Huang Y Y, Bach M E, Lipp H P, Zhuo M, Wolfer D P, Hawkins R D, Schoonjans L, Kandel E R, Godfraind J M, Mulligan R, Collen D, Carmeliet P
Howard Hughes Medical Institute, Center for Neurobiology and Behavior, College of Physicians and Surgeons of Columbia University, New York, USA.
Proc Natl Acad Sci U S A. 1996 Aug 6;93(16):8699-704. doi: 10.1073/pnas.93.16.8699.

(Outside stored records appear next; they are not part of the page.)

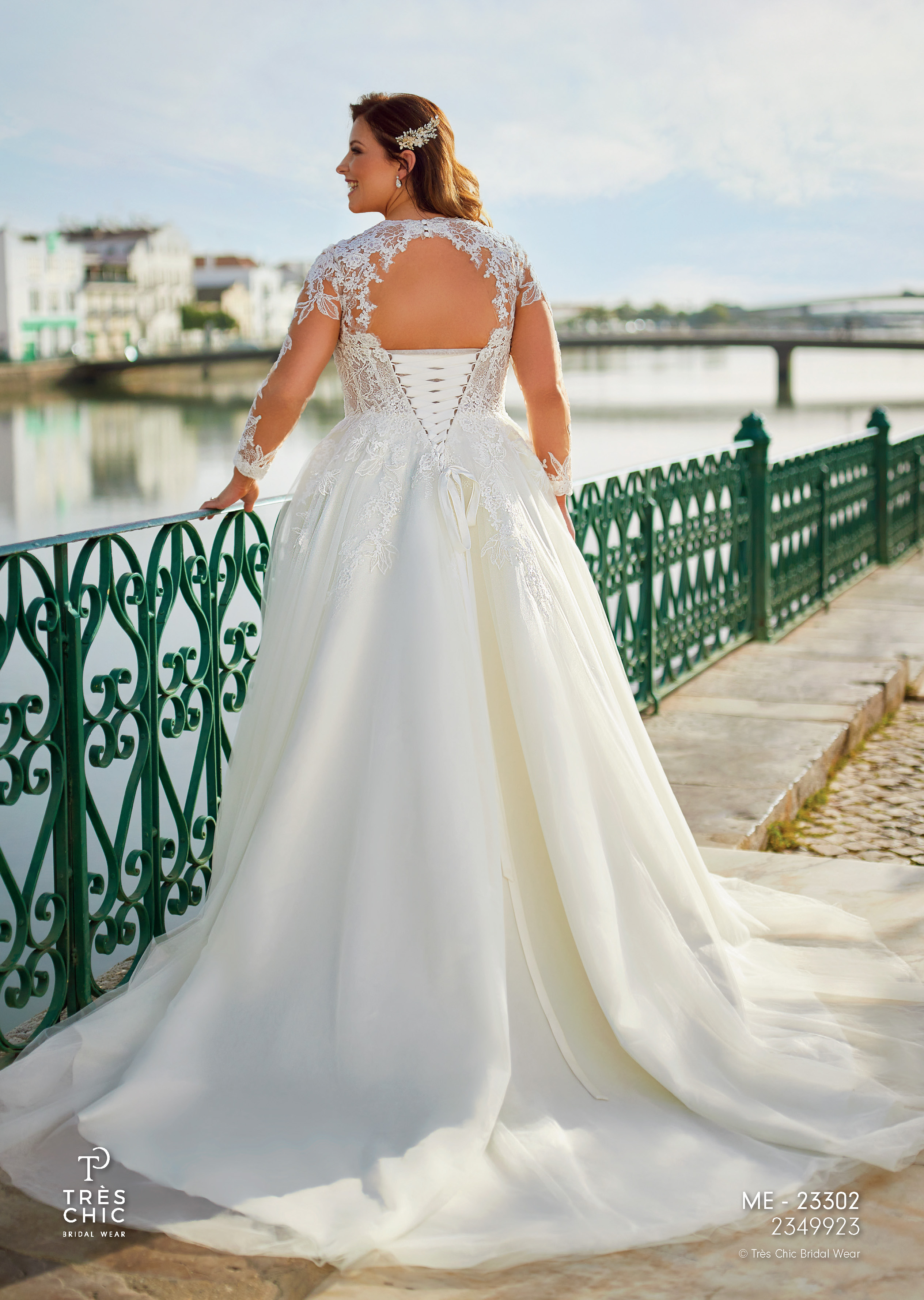 Abito sposa curvy realizzato in tessuto di tulle con corpetto in pizzo e manica lunga effetto tatoo e chiusura a laccetti.
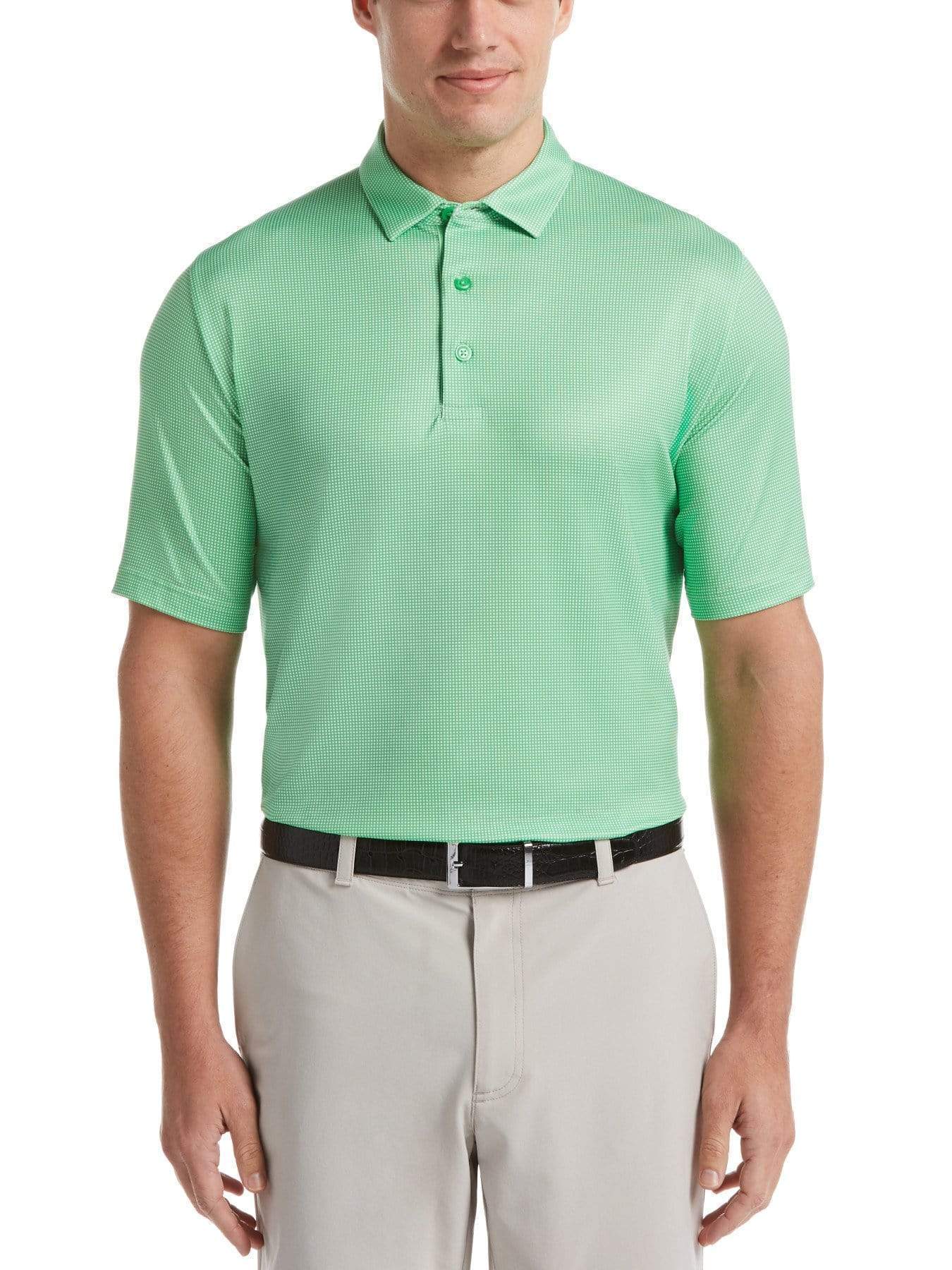 Our Callaway men's golf polo offers just the right amount of stretch so you can perfect your swing. It has an allover gingham print that looks great on the course and features built-in Opti Dri™ moisture-wicking technology to pull sweat away from your skin. This sleek men's golf top is equipped with UPF 50 sun protection to block the sun's harmful rays.
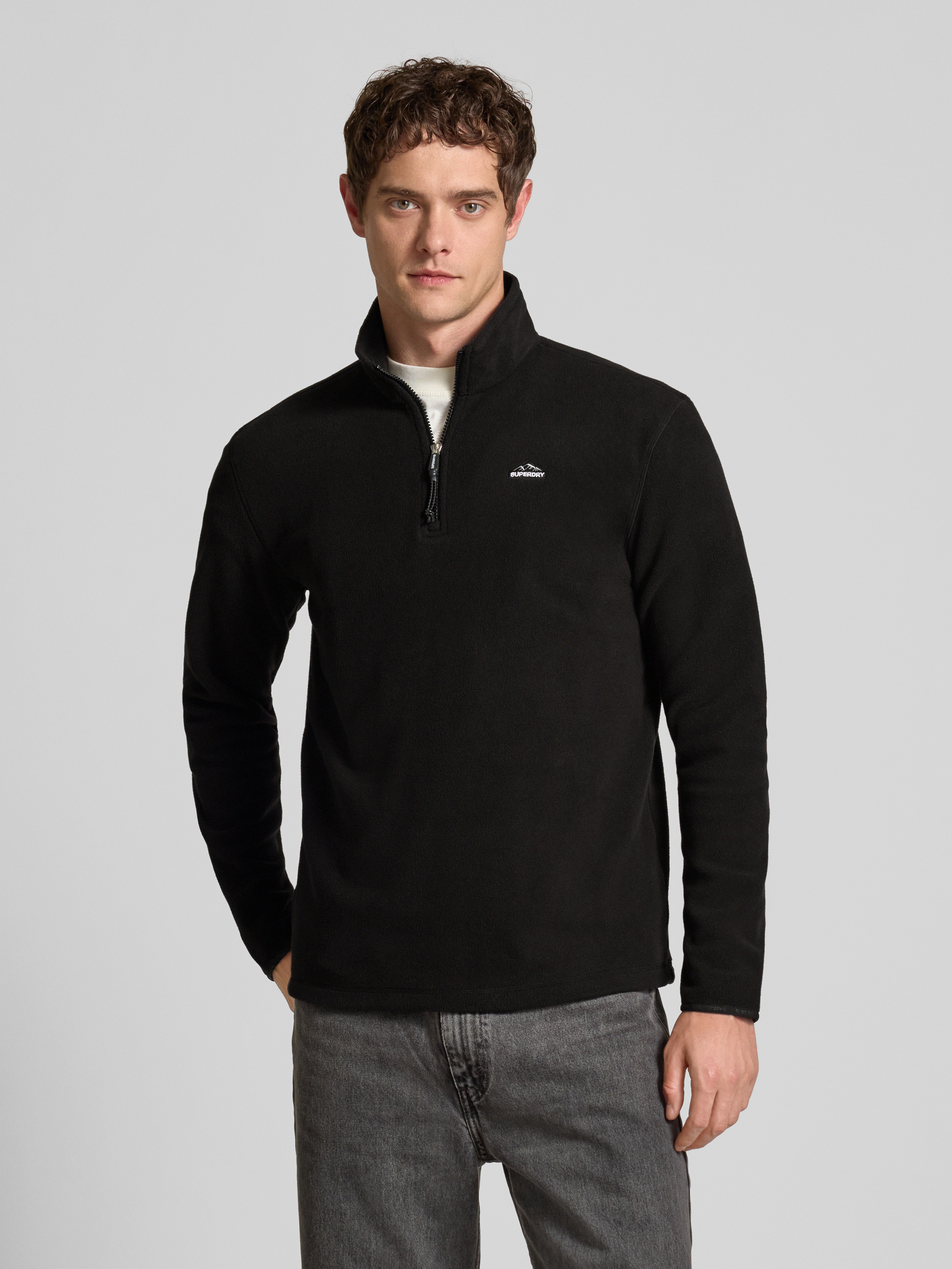 SuperdryFleecepullover mit Label-Stitching und Stehkragen in black
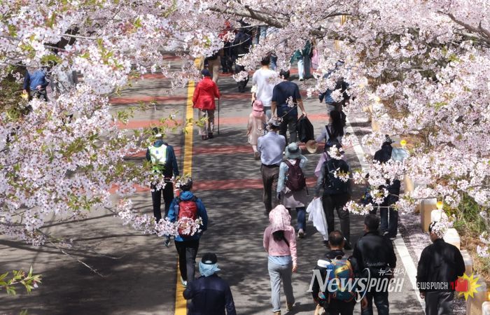 축제는 오전 9시 30분 장봉풍물패와 바다소리 앙상블·중창단의 식전공연으로 시작되어 축제 분위기를 한층 고조시켰으며, 이후 메인 프로그램인 ‘벚꽃길 걷기’가 진행됐다. 참가자들은 옹암해수욕장을 출발해 말문고개를 거쳐 돌아오는 약 4.0km 코스를 따라 벚꽃길을 걸으며 사진 촬영과 함께 봄 풍경을 즐기는 등 높은 만족도를 보였다.
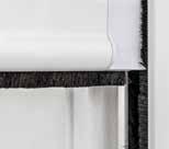 LARGE rullegardiner kan fås til mørklægning, hvor stoffets bagside enten er neutralt hvid eller hvor farven matcher forsiden. For at få den fulde mørklægnings effekt kan der vælges sideslister med eller uden børster. Se under mørklægning side 20.
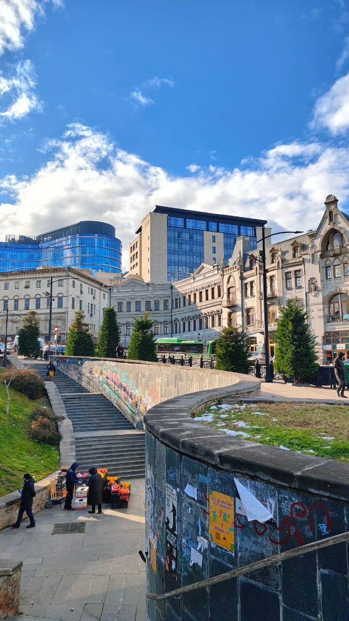 Пропустить его не получится, это мост за зданием Юстиции, похожим на серебристую грибницу опят. И торговля как будто разлита вокруг. Целые ряды картин, ковров, пластинок, китайской фигни и советских раритетов. Нам посоветовали НЕ брать здесь монеты и украшения, т. к. в основном Китай. И я это тоже заметила. Надо иметь хорошую насмотренность, чтобы не купить фигню. В «браслетах из камней», средняя стоимость которых, кстати говоря, около 7 тыс. рублей, из камней... Ни одного! Пластик и стекляшки. Зато в красивой коробочке местного бренда и с бусинкой с картой Грузии.
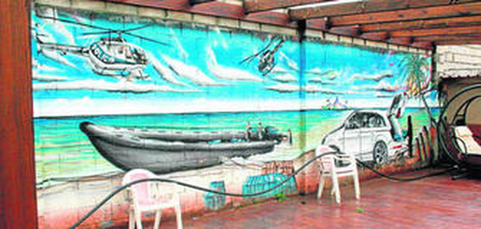 Ninguno de los policías que registró el chalé de Carmona en el que vivía uno de los implicados en el robo de droga en la aduana de Huelva podía imaginarse lo que se iba en encontrar allí. Podían suponer que encontrarían una caja fuerte, como hallaron; que habría dinero en metálico y joyas de gran valor, como así fue; o que incluso darían con una máquina utilizada para contar billetes, prueba de que allí el manejo de cantidades ingentes de dinero era frecuente. Pero ninguno podía suponer que encontrarían un auténtico fresco en el que se representaba todo un alijo en la costa, con su lancha planeadora, su todoterreno, sus fardos de hachís y sus helicópteros de la Policía sobrevolando la playa. Estaba pintado en la cara interna del muro de hormigón que delimitaba la parcela, junto a una zona próxima a la piscina, donde había levantado un porche y colocado varias sillas de plástico y un sofá balancín.
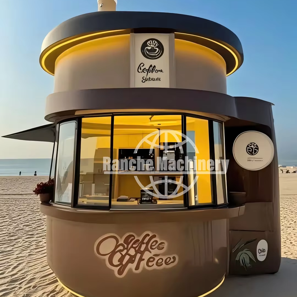 รถพ่วงขายอาหารชั้นนำแบบกลมสำหรับร้านพิซซ่าขายในตลาดแผงลอย
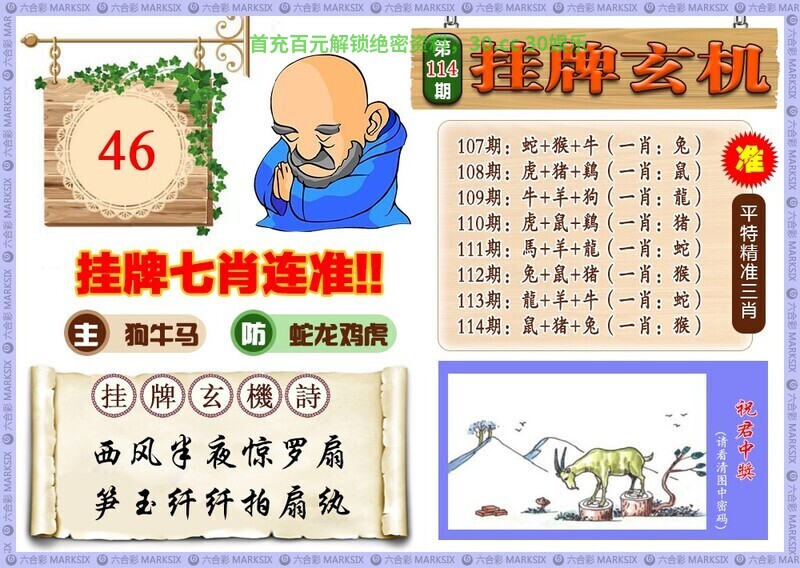 | 114期:港彩挂牌家野中特【野兽】开:兔39中 |

The gene encoding tissue-type plasminogen activator (t-PA) is an immediate response gene, downstream from CREB-1 and other constitutively expressed transcription factors, which is induced in the hippocampus during the late phase of long-term potentiation (L-LTP). Mice in which the t-PA gene has been ablated (t-PA-/-) showed no gross anatomical, electrophysiological, sensory, or motor abnormalities but manifest a selective reduction in L-LTP in hippocampal slices in both the Schaffer collateral-CA1 and mossy fiber-CA3 pathways. t-PA-/- mice also exhibit reduced potentiation by cAMP analogs and D1/D5 agonists. By contrast, hippocampal-dependent learning and memory were not affected in these mice, whereas performance was impaired on two-way active avoidance, a striatum-dependent task. These results provide genetic evidence that t-PA is a downstream effector gene important for L-LTP and show that modest impairment of L-LTP in CA1 and CA3 does not result in hippocampus-dependent behavioral phenotypes.
编码组织型纤溶酶原激活剂(t-PA)的基因是一种即时反应基因,位于CREB-1和其他组成型表达的转录因子的下游,在长期增强(L-LTP)的晚期在海马体中被诱导。t-PA基因已被敲除的小鼠(t-PA-/-)没有表现出明显的解剖学、电生理学、感觉或运动异常,但在海马体切片中,在Schaffer侧支-CA1和苔藓纤维-CA3通路中,L-LTP均表现出选择性降低。t-PA-/-小鼠对cAMP类似物和D1/D5激动剂的增强作用也降低。相比之下,这些小鼠的海马体依赖性学习和记忆不受影响,而在双向主动回避任务(一种纹状体依赖性任务)中的表现受损。这些结果提供了遗传学证据,表明t-PA是对L-LTP很重要的下游效应基因,并表明CA1和CA3中L-LTP的适度损伤不会导致海马体依赖性行为表型。